A little Google is a dangerous thing.
And I don't have an emergency preparedness kit, so I guess I should get shoppin' for chocolate.
Your post didn't have me thinking you were crazy. It had me wondering where I would store twenty gallons of water if I had to ;)...and I totally am going to start (slowly) buying up some gallons of it when I shop.
Holy smokes! We only have two boxes of ceral in our pantry (we are not ceral or mac and cheese eaters, but my dark chocolate supply is fine. However, maybe I better go out and buy some more, just in case:-) Oh, do not forget the red wine:-)
Your blogs almost always are guaranteed to make me chuckle, this one had me laughing out loud.

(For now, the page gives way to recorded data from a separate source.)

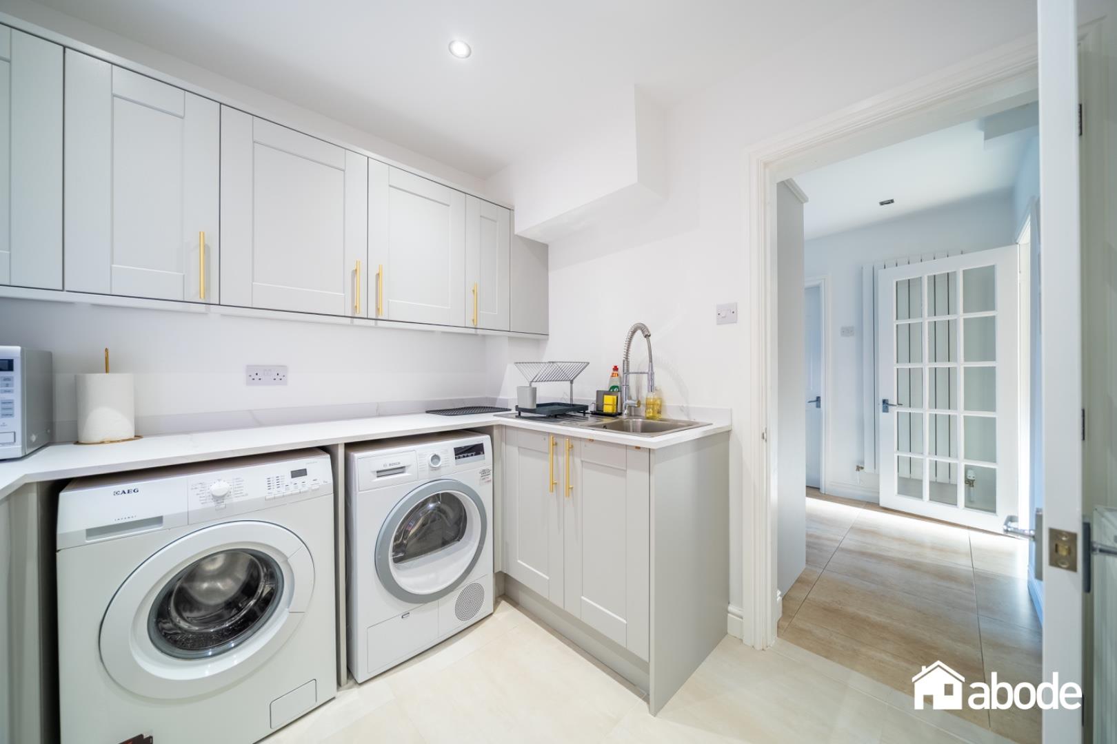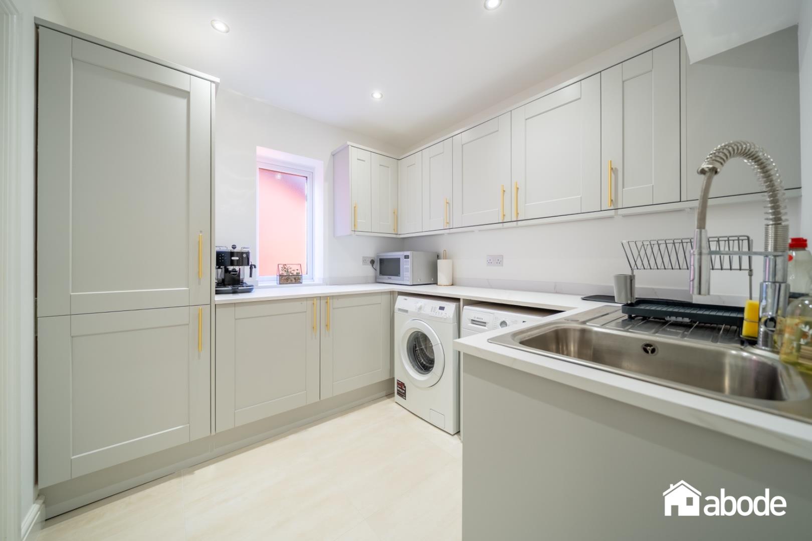 The modern kitchen, complete with a utility room, is designed for both functionality and style, catering to the needs of any culinary enthusiast. Each of the three bathrooms is tastefully finished, ensuring convenience and privacy for all residents.
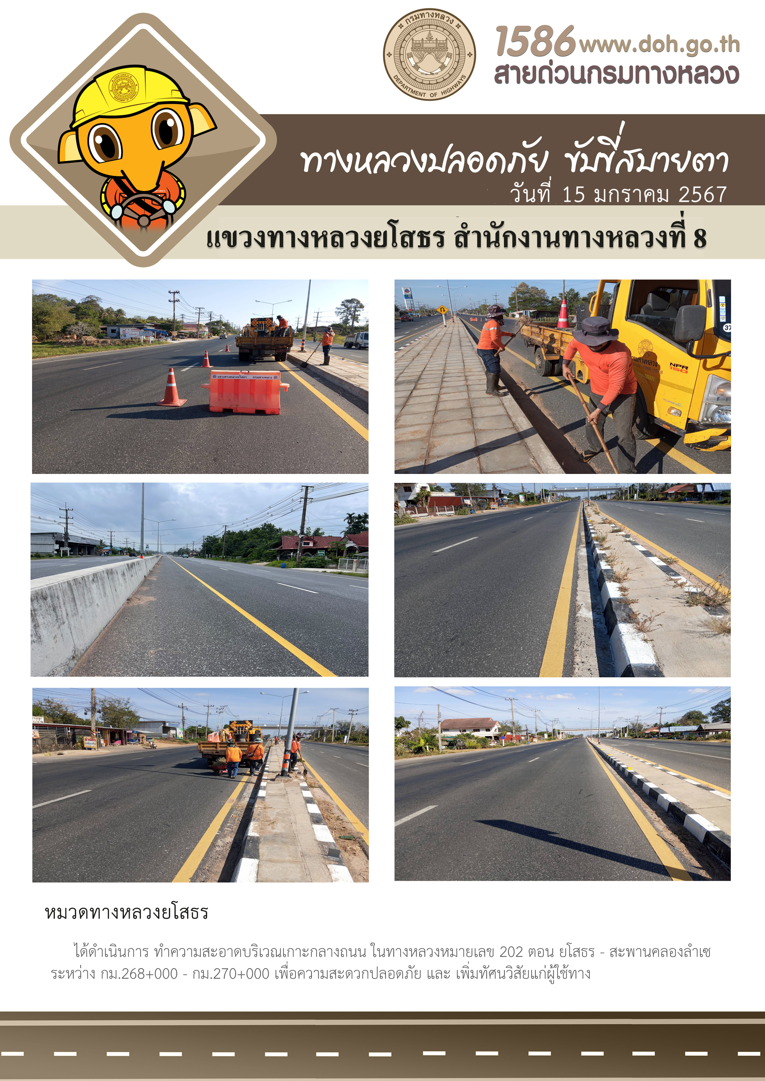 วันที่ 15 มกราคม 2567 หมวดทางหลวงยโสธร ได้ดำเนินการ ทำความสะอาดบริเวณเกาะกลางถนน ในทางหลวงหมายเลข 202 ตอน ยโสธร - สะพานคลองลำเซ ระหว่าง กม.268+000 - กม.270+000 เพื่อความสะดวกปลอดภัย และเพิ่มทัศนวิสัยแก่ผู้ใช้ทาง
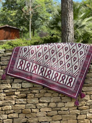 It is written in English (US Terms) and has pictures to guide you through every row and round. It has charts for all blanket parts as well as a chart for the border. However, there is a print friendly version without pictures if you don’t need to follow them.
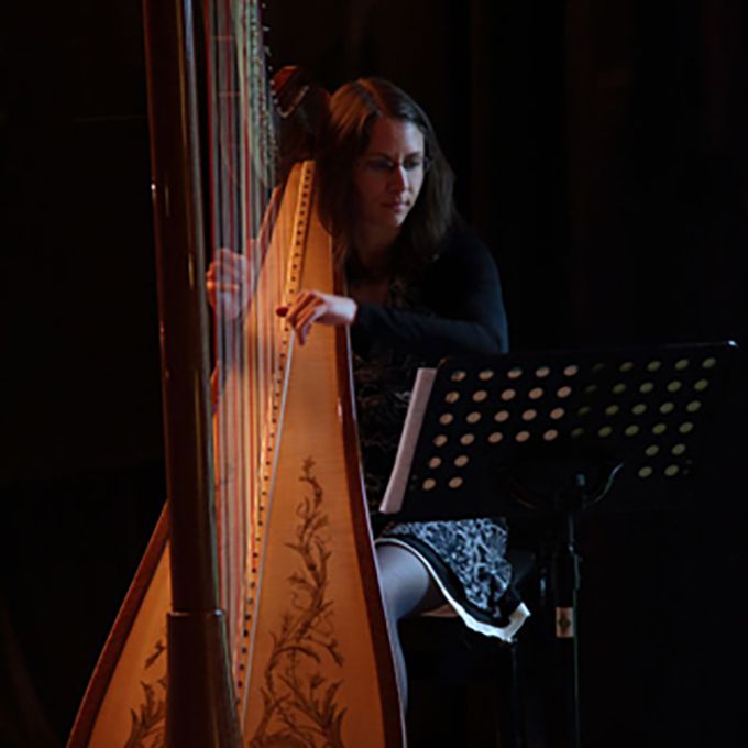 Esta arpista profesional proporciona un hermoso telón musical para cualquier ocasión especial.
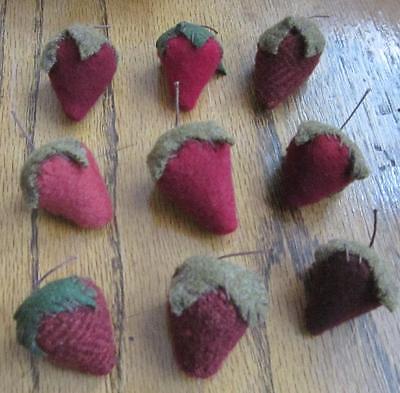 9 PRIMITIVE WOOL BOWL FILLERS EMERY STRAWBERRY STRAWBERRIES PFATT LOT
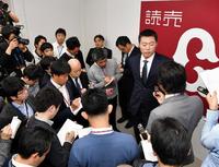 会見で唇をかみ締め、決意を新たにする巨人・上原浩治=東京都千代田区の球団事務所(撮影・出月俊成)
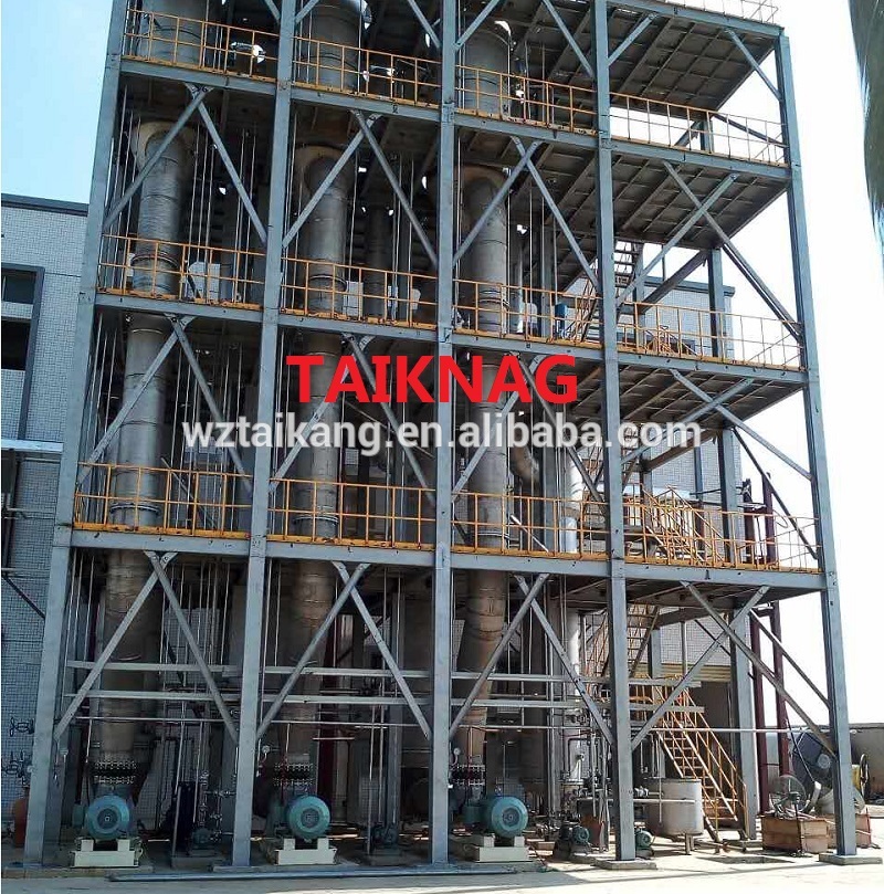Triple-effect falling film evaporators mainly adapts in continuous evaporation and concentration under low temperature,Can process milk,glucose,starch,xylose,pharmaceutical,biological engineering,environmental protection,waste liquid recycling etc; Especially suitable for processing the material with character of heat sensitive,viscosity and foamability. The machine has characteristics of high heat transfer efficiency,material heating In short time etc.
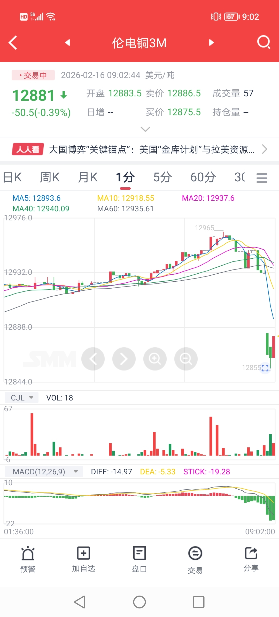 $紫金矿业(SH601899)$ 2月16日外盘,伦铜开盘已低开低走
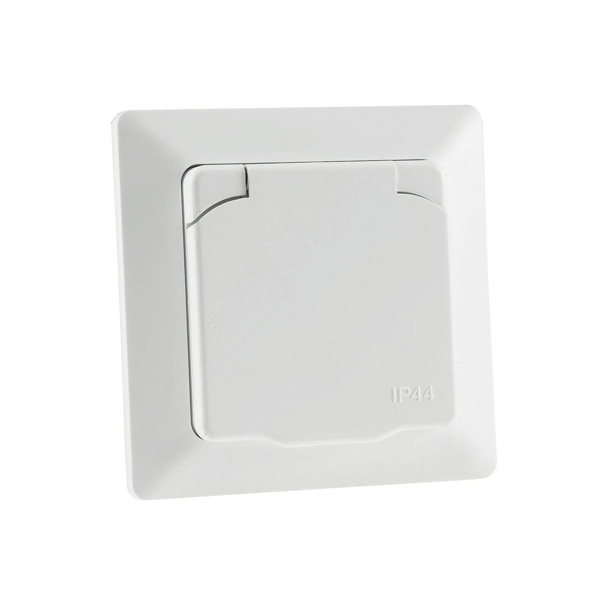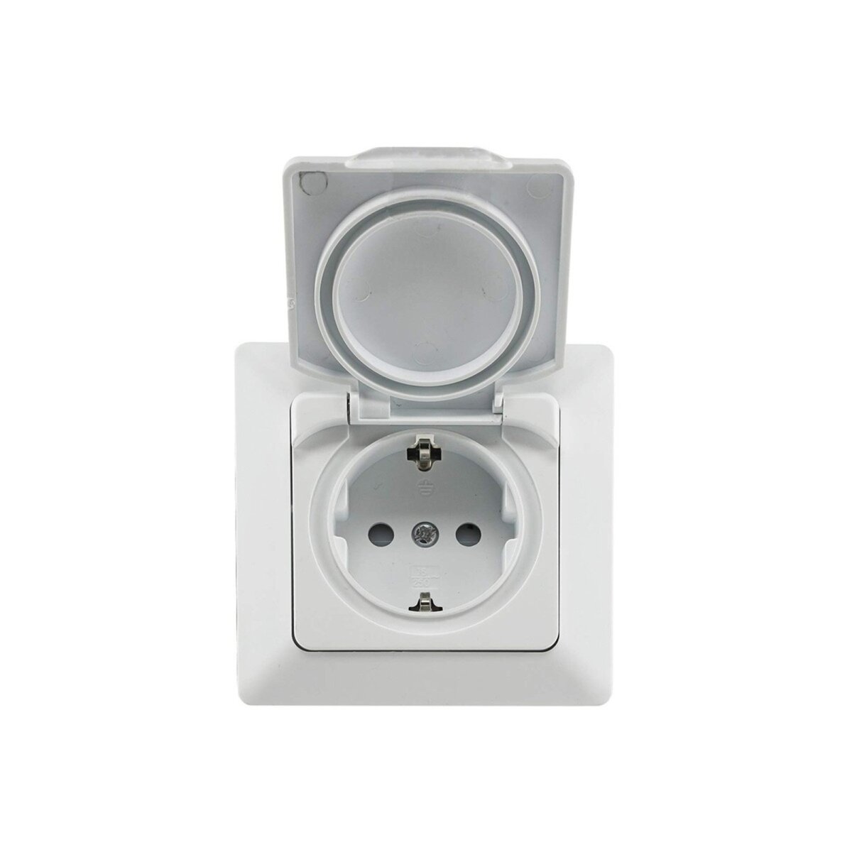 MILOS Steckdose Schalter für Aussen IP44 inkl. Rahmen 230V I Unterputz Wechselschalter Schutzkontakt-Steckdose mit Klappdeckel für Feuchträume Aussenbereich Matt Weiß

I think a great deal of this wonderful humor was lost on us high schoolers (I'd like to think I got some of it then...)
Enjoy the capers!
I told my husband about Googlechondriac and it's definition. Big mistake. I'm never going to hear the end of it now.
OMG! You crack me up. Mostly because I think you're my twin from another mother. My doctor can always tell when I've "read up" before I come in to see her.
Good luck with the swine flu in Maine. I'm in Texas. Yeah, don't think I haven't stocked my shelves to the ceiling. I may be the only one who lives here right now, but evidently, I'm prepared to take in refugees.
Allison: MS! That's one I've missed self-diagnosing myself with...must get on that ASAP.
Jenia: You were one of the few who always got my jokes. :)
Dawn & Cindy: I'm so glad to hear I'm not alone! Doctors must roll their eyes when they see us coming...
I am also a food hoarder. And a hand-washing freak. Just don't look up the photos of microscropic critters on unwashed hands and hair not in a hair net, okay? Don't do it.